Barriers to research
There are many steps researchers must take in making their own experimental plans, including checking databases to find and analyze research trends in relevant fields and choosing the appropriate experimental materials. It is also necessary to compile papers and other reference materials, and review and interpret their contents. However, regarding the issue of the wordings used to describe pathologic conditions and other characteristics of laboratory animals, for instance, different researchers use somewhat different definitions. This linguistic vagueness makes it necessary to analyze the experimental methodology and context and reinterpret the terms in all cases. A great deal of time is taken with these painstaking preparatory arrangements before determining the optimum experimental methodology.

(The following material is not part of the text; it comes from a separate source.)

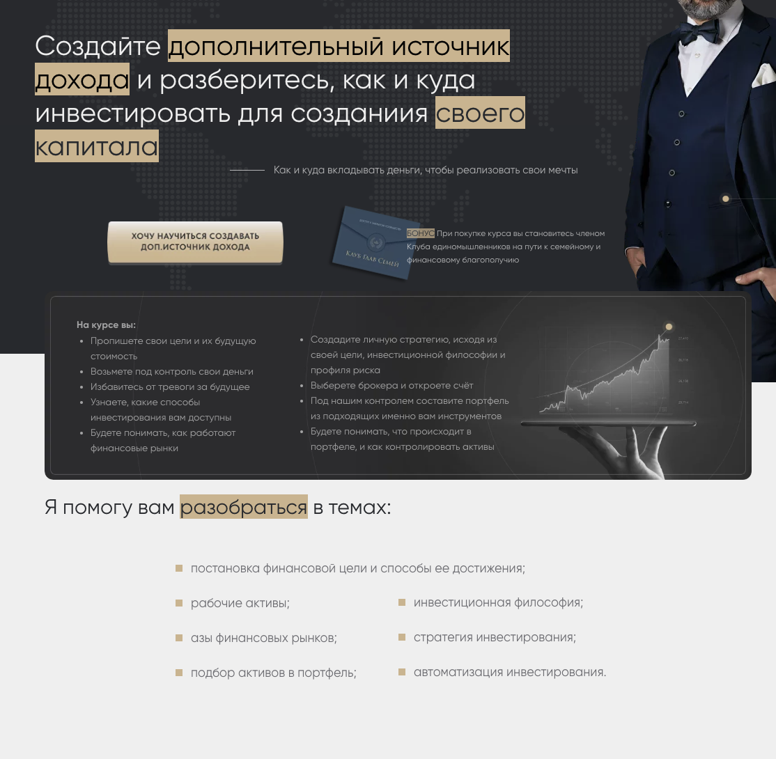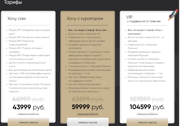 Полноценное обучение, в свою очередь, предоставляется в соответствии с одним из тарифов. Самый дешевый из них стоит 44 тысячи рублей. Он предполагает самостоятельное обучение. Если требуется куратор, то за него потребуется дополнительно заплатить 15 тысяч. Поддержка от самого Алексея стоит, в свою очередь, значительно дороже. Такой курс обходится в 105 тысяч рублей.
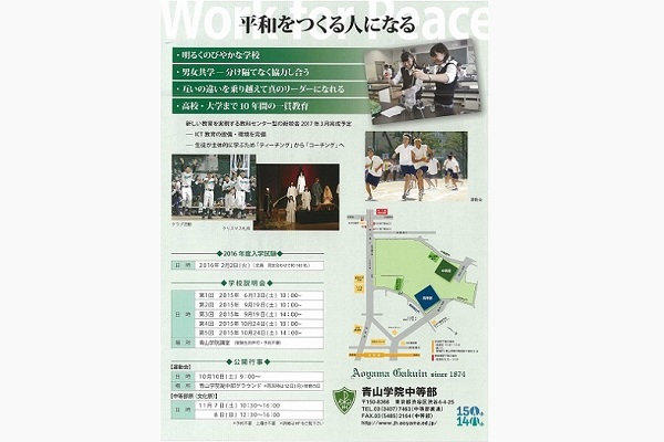 青山学院中等部は、4月25日(土)に開催した塾対象学校説明会で、現在すでに準備工事が進められている同学院中等部の「教科センター型」新校舎の第1期工事(教室棟)の完成が、2017年2月に予定されていることを公表しました。

“In biology, there are numerous databases for genes, proteins, diseases and the like around the world, and they all operate separately. A researcher who wants to investigate a particular subject must search all the databases that seem to be appropriate one by one. In addition, each individual database has its own attributes. Because the databases are designed to be used in distinct ways that are suited to different research areas, it takes a great deal of time for researchers in other areas to become familiar with databases in areas other than their own,” points out Masuya.
Ontology—correlating the essential nature of things
“Ontological technology allows computers to automatically arrange and extract the desired data so that the preparatory work for any investigation comes very easy,” Masuya explains, “The term ontology has its origin in a Greek philosophical term meaning existence. In bioinformatics, ontology refers to the classification of concepts and terms and how to describe their relationships and systems.”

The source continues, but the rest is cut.